Supplied information
▼

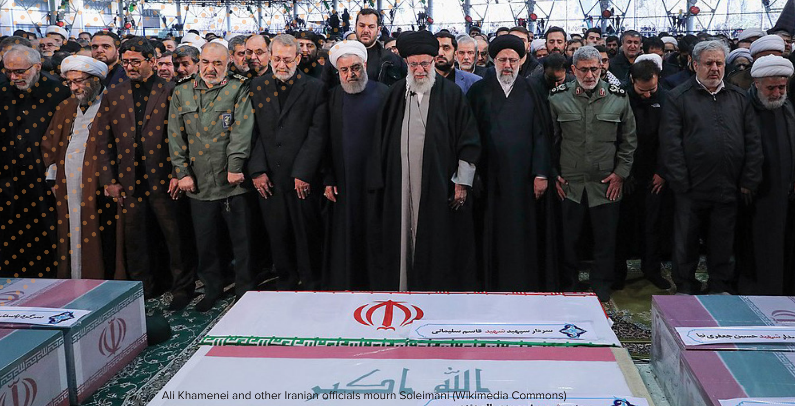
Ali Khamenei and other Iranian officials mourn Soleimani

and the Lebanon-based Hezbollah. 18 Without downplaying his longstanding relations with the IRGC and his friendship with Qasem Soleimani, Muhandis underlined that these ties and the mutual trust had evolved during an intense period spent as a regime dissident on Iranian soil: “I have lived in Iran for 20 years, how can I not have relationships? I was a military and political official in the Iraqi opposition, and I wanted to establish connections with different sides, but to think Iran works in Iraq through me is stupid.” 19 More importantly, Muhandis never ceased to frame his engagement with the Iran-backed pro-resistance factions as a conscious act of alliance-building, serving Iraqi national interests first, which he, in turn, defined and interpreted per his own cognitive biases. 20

▲
▼

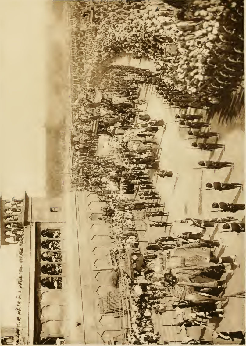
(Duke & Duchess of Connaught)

▲
▼

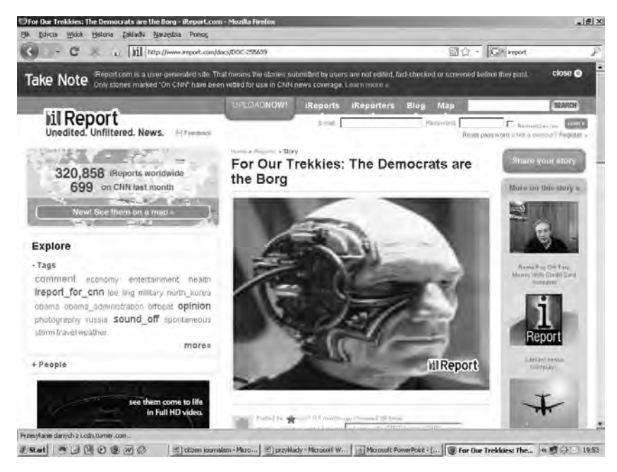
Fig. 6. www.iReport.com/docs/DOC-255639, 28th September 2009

▲

What is needed is a verbatim copy of every line in the records above from the one containing "Ali Khamenei and" down to the one containing "and the Lebanon-based", both included, and nothing more.

Solved problem
Ali Khamenei and other Iranian officials mourn Soleimani

and the Lebanon-based Hezbollah. 18 Without downplaying his longstanding relations with the IRGC and his friendship with Qasem Soleimani, Muhandis underlined that these ties and the mutual trust had evolved during an intense period spent as a regime dissident on Iranian soil: “I have lived in Iran for 20 years, how can I not have relationships? I was a military and political official in the Iraqi opposition, and I wanted to establish connections with different sides, but to think Iran works in Iraq through me is stupid.” 19 More importantly, Muhandis never ceased to frame his engagement with the Iran-backed pro-resistance factions as a conscious act of alliance-building, serving Iraqi national interests first, which he, in turn, defined and interpreted per his own cognitive biases. 20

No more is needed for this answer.